Sugawara menggeleng melihat kelakuan juniornya tersebut, ia tak sengaja menoleh ke arah Daichi yang nampaknya tengah memikirkan sesuatu.

"Daichi, kenapa?"

Daichi menoleh, dia nampak membuang napasnya sejenaknya. "Ini-"

****

Punggung tegapnya berjalaj melewati beberapa siswa dan siswi yang juga ikut keluar dari kelasnya. Wajahnya yang dikabarkan menakutkan itu membuat beberapa siswa lain segera menyingkir dari jalannya.

Padahal jika di perhatikan dengan teliti rupanya tak begitu menyeramkan bahkan terkesan tampan.

Seperti janjinya tadi, saat istirahat Kageyama memang menjemput Hinata untuk istirahat bersama. Ia melongok ke dalam, mencari keberadaan si surai orange yang telah mencuri hatinya sejak mereka ke Tokyo.

"Kemana si boke itu?"

Iris blueberrynya mengamati sekitar, mencari kembali dengan teliti keberadaan Hinata.

"Kageyama-san? Apa kau mencari Hinata?" Salah satu anak di kelas itu mengetahui keberadaannya, Kageyama segera menoleh.

"Ya, dimana dia?"

"Sugawara-senpai membawanya, kudengar mereka berada di atap sekolah" katanya seraya menunjuk ke arah lorong yang menuju ke arah atap.
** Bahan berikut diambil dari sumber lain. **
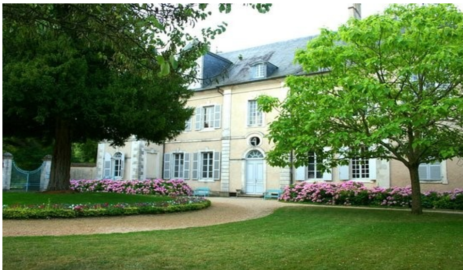
Maison de George Sand à Nohant – Vic (36)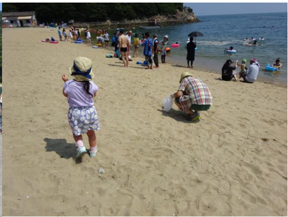
※「海からの贈り物」を収集中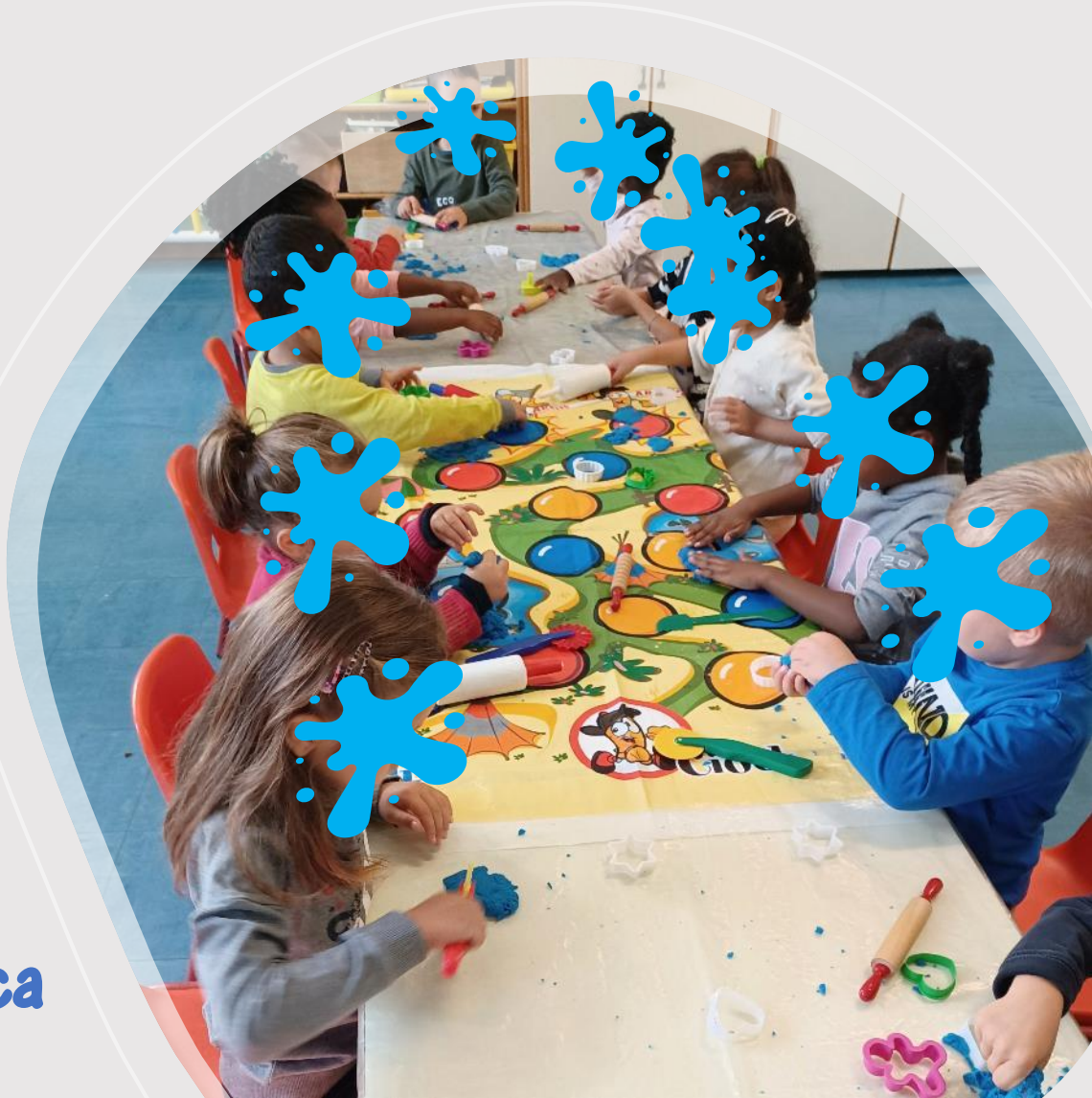
Manipolazione di sabbia cinetica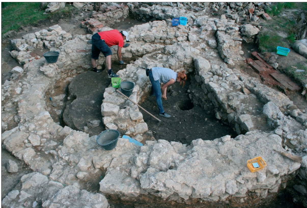
Sl. 5 Sjeveroistočna kula tijekom istraživanja.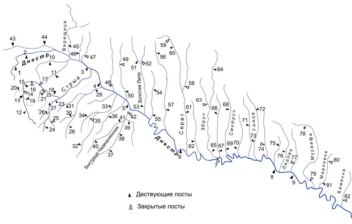
Рис. 1. Схема расположения постов наблюдений верхнего и среднего Днестра

В работе использованы данные по 82 гидрологическим постам с продолжительностью наблюдений до 2010 года включительно (рис. 1).

Kageyama mengangguk, ia hendak melangkahkan kakinya jika saja siswa tadi tak menahan lengannya. Kageyama menoleh, wajah datarnya membuat siswa tadi berjengkit kaget serta takut.

"Ada apa?"

"Ta-tak jadi"

Kageyama berdecih, dia segera menarik kembali lengannya yang masih di cekal siswa tadi dan kemudian berjalan kembali menuju atap hendak menemui Hinata serta menanyakan kenapa ia bersama kakak kelas mereka.

Sepanjang perjalanan, Kageyama bisa melihat beberapa dari siswa dan siswi yang sedang di luar kelas nampak membicarakan tentang Hinata.
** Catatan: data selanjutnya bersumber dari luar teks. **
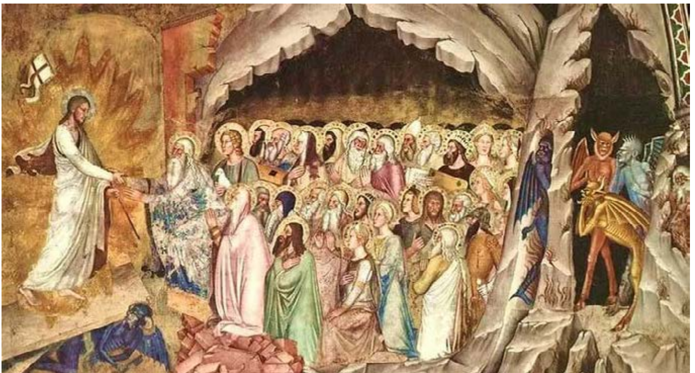
“A Descida de Cristo ao Limbo”, pintado por Andrea Bonaiuti (entre 1365 e 1368).

Dentre as muitas notas marcantes de Cst 4, propusemo-nos a evidenciar três elementos mais relevantes: a) a sensibilidade ao pecado; b) dentre as diversas causas dos males da sociedade, a recusa ao amor de Cristo; c) a união íntima com o Coração de Cristo.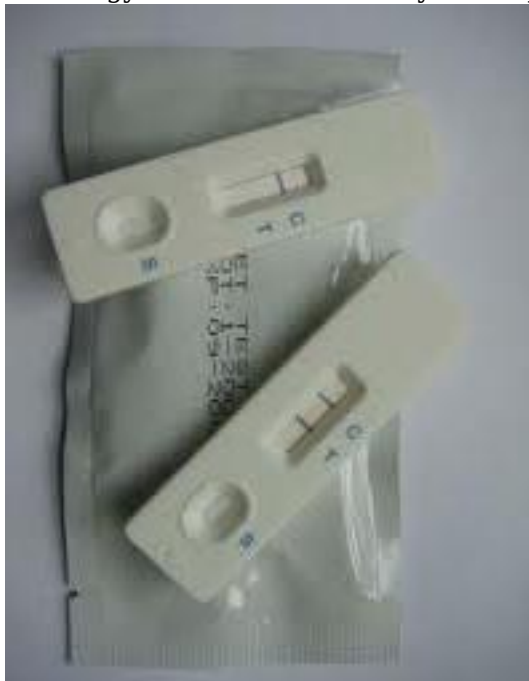
A mintavétel (vizelet);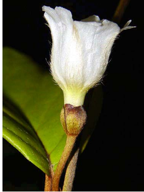
3 Bonamia maripoides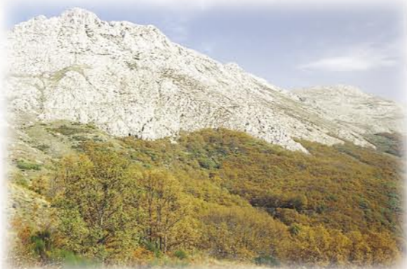
Los robles cubren hoy las laderas en las que se situaba la mina Bardaya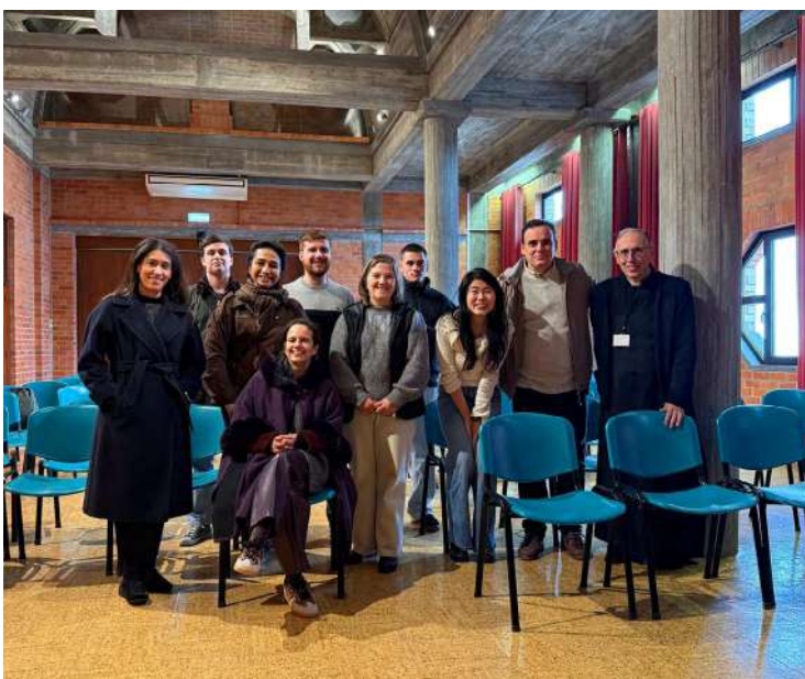
Alguns dos que se preparam para receber os Sacramentos de iniciação cristã, no dia de retiro, no Santuário do Cristo Rei.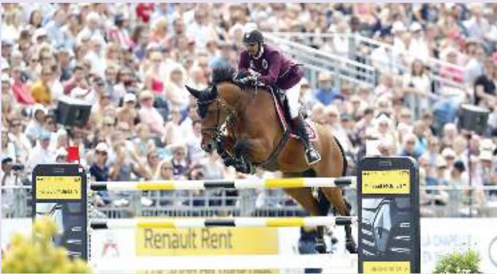
الشيخ علي بن خالد في حتام شانتيلي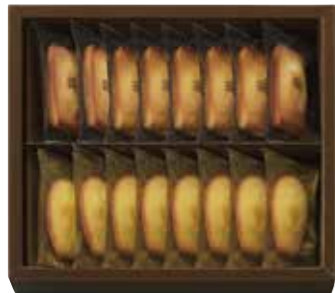
申込番号 30-A <アンリシャルパンティエ> フィナンシェ・マドレーヌ 詰合せ フィナンシェ×8個、マドレーヌ×8個 計16個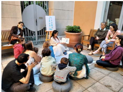
Fausse vente aux enchères et médiation contée.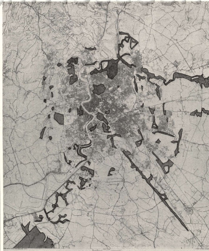
PRG 1959 I BRANDELLI DI VERDE PUBBLICO

I colli di Monte Verde Vecchio e Nuovo hanno avuto la stessa sorte di Monte Mario: gli alberi degli ospedali sono l'unico verde a disposizione degli abitanti. Più a occidente procede l'invasione massiccia della Valle del Casaleto, mentre Villa Doria-Pamphili, stroncata dalla via Olimpica, è ancora proprietà privata, nonostante il nuovo piano regolatore, le campagne di « Italia Nostra », eccetera. Sommerso sotto l'edilizia le ville dell'Aurelia Antica, cancellate per sempre le zone antiche alle spalle del Vaticano, i Monti della Creta, il Monte del Gallo, il colle del Gelsomino; distrutte da edifici religiosi abusivi (Studentato di Propaganda Fide) o autorizzati (Seminario americano, eccetera) tutte le pendici occidentali del Gianicolo. Lo sgangherato dilagare di Roma prosegue lungo l'Aurelia Nuova (più a

"Hei.. kau dengar kan? Hinata dari kelas sebelah"

"Wahh tak kusangka ya"

"Aku jadi penasaran dengan aslinya"

Kageyama mengernyitkan dahinya heran, ada apa dengan Hinata? Kenapa mereka tiba-tiba membicarakan tunangannya tersebut?
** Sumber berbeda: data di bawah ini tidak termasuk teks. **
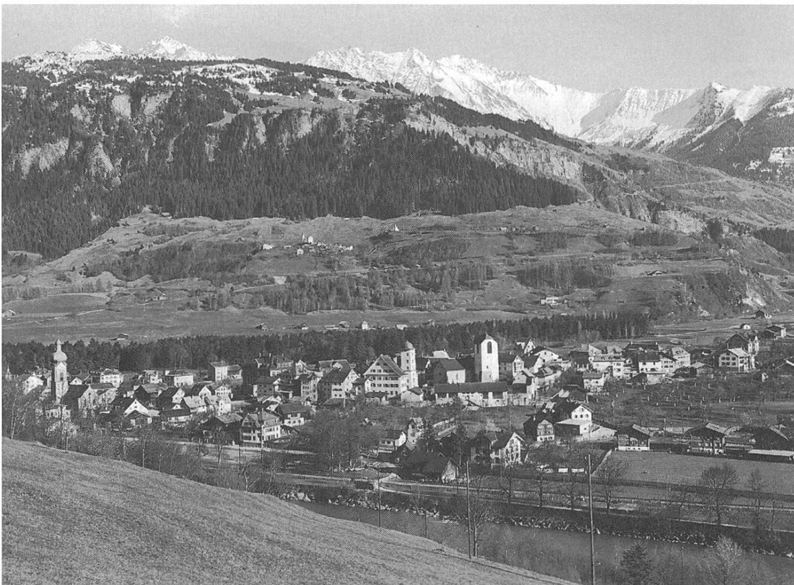
Glion viers Sevgein, Grep e Signina. Maletg de bialas siluettas. Casa Gronda, baselgia de s. Margreta, la tuor Brünegg, seniester la baselgia catolica.

flava lu era pli tard il marcau de Glion tochen il barschament caschunaus duront l'uiara denter il cont Ulrich Walter de Belmont ed il cont de Werdenberg 1352. A Sogn Martin fuva gie era la sedia dil capo-administratur dil ministeri a Tuverasca de pli baul. La villa , quei fuss la cuort segnerila digl uestg Tello, ed entginas cuorts purilas (culegnas) eran plinengiu ella vischionza della caplutta de s. Margreta de pli tard. La famiglia della gliend regala seconstitueva dad emploiai, da vasals, da purs libers e nunlibers. Ella formescha il fundament della populaziun de Glion-sura de pli tard. Il svilup ulteriur de Glion ei buca enconuschents e pusseivels d'eruir, demai ch'ils documents dil 10 al 13avel tschentaner mauncan dil tuttafatg. Mo para ei che negins signurs hagian pudiu fitgar pei sco possessurs de cuorts e beins a Glion-sura; ils libers purs paran d'aver dominau en diember.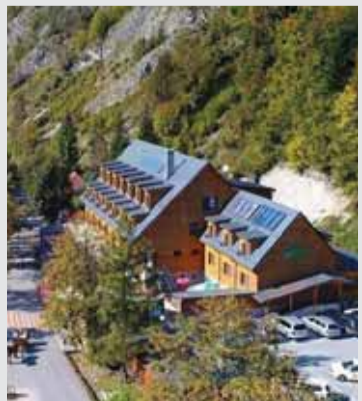
SNS navrhuje výrazné zníženie DPH na ubytovacie služby, čo má pomôcť rozvoju turistického ruchu na Slovensku.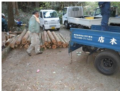
【12月16日 児童による材積み込みへ】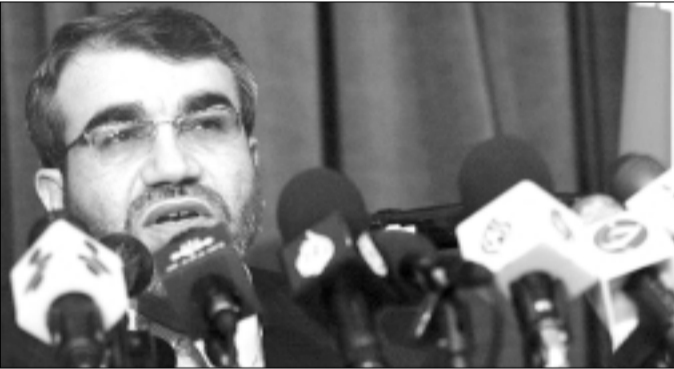
عباسعلی کدخدایی، سخنگوی

شورای نگهبان دیروز با تشریح عملکرد یک شورا، گفت : تمام نظام‌های سیاسی نهاد نظارتی مانند شورای نگهبان دارند. به گزارش ایرنا، کدخدایی در سخنانی تصریح کرد: شورای نگهبان بعنوان نهادهی که ضرورت آن در تمام نظام‌های سیاسی دنیا به اثبات رسیده است و تمام نظام‌های سیاسی به نوعی از وجود یک نهاد نظارتی مانند شورای نگهبان بهره مند هستند، در جمهوری اسلامی ایران پس از تصویب قانون اساسی، کار خود را آغاز کرد.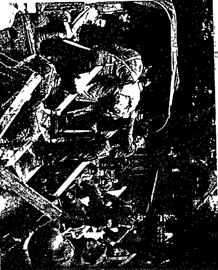
אלפי מנצייס, יוצאת ארופה השנייה מחזורים למחנות בירמניה

עמתי קצרונו את פרי עמלת של משלחת העמנה החוות בה קיימנו את בריה מספר של העמנה העפכה למתה-אימונים בו עבר מחזורים-מחזורים של מתנדבים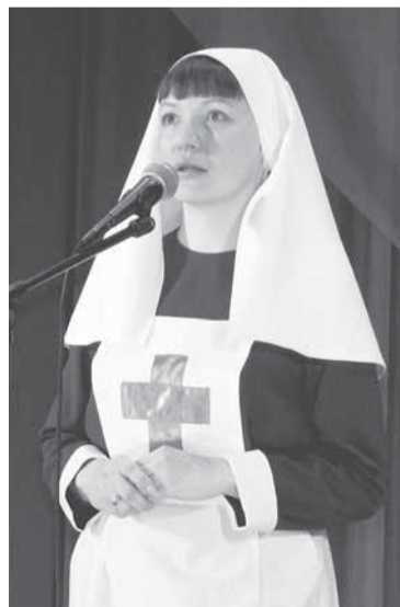
Нефронтovým городам посвящается...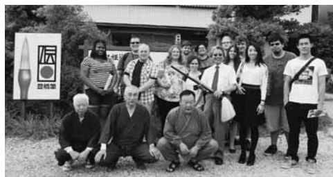
豊橋市内施設も見学するトリード大学生訪問団(昨年度の様子)

また、今後もさらなるトリード市との友好親善の輪を広げるため、トリード大学の大学教授と大学院生によるトリード大学を紹介する講座を開催し、トリード姉妹都市奨学金制度の説明など、青少年への積極的な利用を推進するため、各種情報を提供します。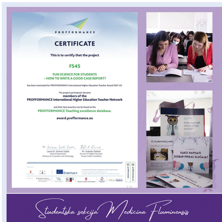
Slika 5. Uključenje radionice Kako napisati dobar prikaz slučaja u PROFFORMANCE Teaching excellence database

Ciljevi radionice su omogućiti stjecanje temeljnih znanja o znanstvenim djelima, s naglaskom na znanstvene članke i konferencijska priopćenja, kao i vještina pisanja sažetaka znanstvenog članka i konferencijskog priopćenja te izrade izlaganja na posteru i usmenog izlaganja. S obzirom na uspjeh održanih radionica, ovaj je oblik edukacije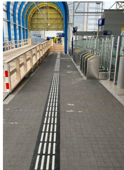
BIGL K-30-3 | ProRail mat

Rasa penasarannya semakin kuat, dia segera berlari menuju atap di mana Hinata serta Sugawara berada.

Anak tangga demi anak tangga ia lewati dengan tergesa, saat maniknya menemukan pintu atap ia segera membukanya dengan tergesa.

BRRAKKK

"HINATA!"

Beberapa pasang mata melihatnya dengan terkejut, bertanya-tanya kenapa dirinya datang dengan tiba-tiba seperti itu. Bahkan sampai mendobrak pintu seakan sedang dikejar sesuatu.

Kageyama tak kalah terkejut, dia menemukan bukan hanya Sugawara saja yang ada disana namun juga ada kakak kelasnya lain seperti Daichi, Asahi, Kiyoko, Tanaka serta Nishinoya pun ada disana.

"Ka-Kageyama-kun?!"

















Ada typo? Beritahu saya ^^

Hyaaah~
Akhirnya cuaca cerah lagi, sudah beberapa hari di daerah saya hujan dan saya tak memiliki mood yang cukup bagus untuk mengupdate buku ini -v-||

Beberapa chapter lagi ini tamat muehehe
Aaaa tunggu, sepertinya beberapa chapter belakangan AN saya selalu tentang akan tamatnya buku ini ya? Hehehe maafkan saya ( ╹▽╹ )

Saya hanya sangat antusias untuk segera mempublikasikan buku baru saya. Lagi pula ini adalah buku terlama saya '-'||

Terhitung satu tahun yang saya habiskan untuk buku ini. Bahkan buku sebelah lebih cepat tamat daripada buku ini.